EXERCISE:
Make an exact copy of the listing underneath, skipping each picture.

INFORMATION SHOWN:
+===+

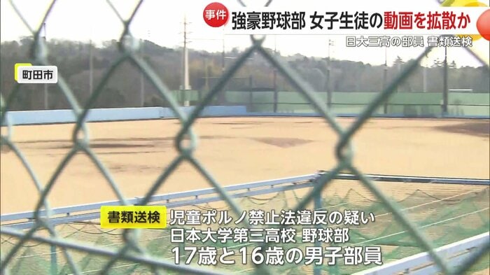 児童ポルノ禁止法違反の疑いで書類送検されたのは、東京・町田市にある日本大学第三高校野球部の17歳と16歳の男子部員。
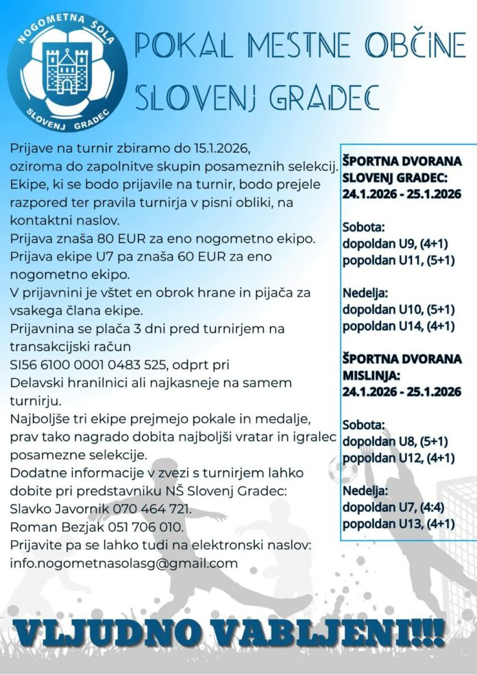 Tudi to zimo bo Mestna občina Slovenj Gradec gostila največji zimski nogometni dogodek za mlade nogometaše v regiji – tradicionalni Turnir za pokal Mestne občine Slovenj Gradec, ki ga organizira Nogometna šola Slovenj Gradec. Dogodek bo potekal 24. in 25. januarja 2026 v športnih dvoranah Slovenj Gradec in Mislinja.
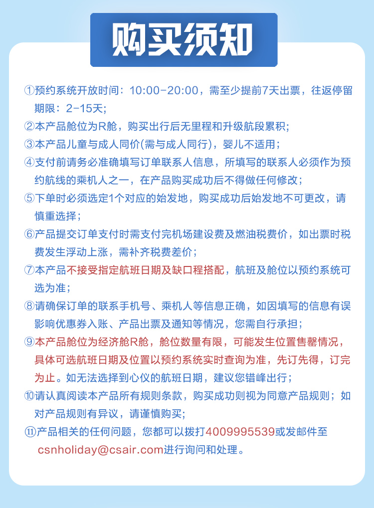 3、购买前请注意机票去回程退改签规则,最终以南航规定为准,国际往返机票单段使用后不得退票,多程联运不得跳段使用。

+===+

YOUR SOLUTION:
 児童ポルノ禁止法違反の疑いで書類送検されたのは、東京・町田市にある日本大学第三高校野球部の17歳と16歳の男子部員。
 Tudi to zimo bo Mestna občina Slovenj Gradec gostila največji zimski nogometni dogodek za mlade nogometaše v regiji – tradicionalni Turnir za pokal Mestne občine Slovenj Gradec, ki ga organizira Nogometna šola Slovenj Gradec. Dogodek bo potekal 24. in 25. januarja 2026 v športnih dvoranah Slovenj Gradec in Mislinja.
 3、购买前请注意机票去回程退改签规则,最终以南航规定为准,国际往返机票单段使用后不得退票,多程联运不得跳段使用。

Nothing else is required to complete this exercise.